Below is the Avro codec that I wrote:
encoding: utf-8
require "avro"
require "schema_registry"
require "schema_registry/client"
require "logstash/codecs/base"
require "logstash/event"
require "logstash/timestamp"
require "logstash/util"
require "json"
MAGIC_BYTE = 0
class LogStash::Codecs::AvroSchemaRegistry < LogStash::Codecs::Base
config_name "avro_schema_registry"
# schema registry endpoint and credentials
config :endpoint, :validate => :string, :required => true
config :username, :validate => :string, :default => nil
config :password, :validate => :string, :default => nil
public
def register
@client = SchemaRegistry::Client.new(endpoint, username, password)
@schemas = Hash.new
end
def get_schema(schema_id)
if !@schemas.has_key?(schema_id)
@schemas[schema_id] = Avro::Schema.parse(@client.schema(schema_id))
end
@schemas[schema_id]
end
def add_schema(schema_json)
subject = @client.subject('test.schema_registry')

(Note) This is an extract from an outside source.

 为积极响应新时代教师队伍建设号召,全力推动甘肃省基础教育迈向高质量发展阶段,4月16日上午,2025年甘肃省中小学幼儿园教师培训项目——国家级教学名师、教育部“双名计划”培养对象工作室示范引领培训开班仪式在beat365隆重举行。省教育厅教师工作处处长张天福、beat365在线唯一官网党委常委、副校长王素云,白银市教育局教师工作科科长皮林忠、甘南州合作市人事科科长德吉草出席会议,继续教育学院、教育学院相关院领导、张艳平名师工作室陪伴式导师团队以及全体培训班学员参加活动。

subject.register_schema(schema_json)
end
public
def decode(data)
if data.length < 5
@logger.error('message is too small to decode')
else
datum = StringIO.new(data)
magic_byte, schema_id = datum.read(5).unpack("cI>")
if magic_byte != MAGIC_BYTE
@logger.error('message does not start with magic byte')
else
schema = get_schema(schema_id)
decoder = Avro::IO::BinaryDecoder.new(datum)

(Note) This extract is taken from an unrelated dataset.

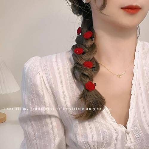 - تبرز الورود الحمراء الأنيقة جمالك الطبيعي وتجذب الإطراءات، مما يجعل كل تصفيفة شعر تبدو منعشة ورومانسية وآسرة.

datum_reader = Avro::IO::DatumReader.new(schema)
yield LogStash::Event.new(datum_reader.read(decoder))
end
end
end
public
def encode(event)
# extract the schema from the LogStash event...
schema_json = event["value_schema"]
# Use the schema to obtain a schema_id from the schema registry
schema_id = add_schema(schema_json)
@logger.info("schema id: #{schema_id}")
# Start with the magic byte + schema id
headers = [MAGIC_BYTE,schema_id]
header = headers.pack("cI>")
record = event["record"]
# start by writing the header
buffer = StringIO.new
buffer.write(header)
# Prepare the encoder that will write to the buffer
encoder = Avro::IO::BinaryEncoder.new(buffer)
schema = Avro::Schema.parse(schema_json)
dataWriter = Avro::IO::DatumWriter.new(schema)
# write the actual reocrd using the encoder
dataWriter.write(record, encoder)
@on_event.call(event, buffer.string)
end
end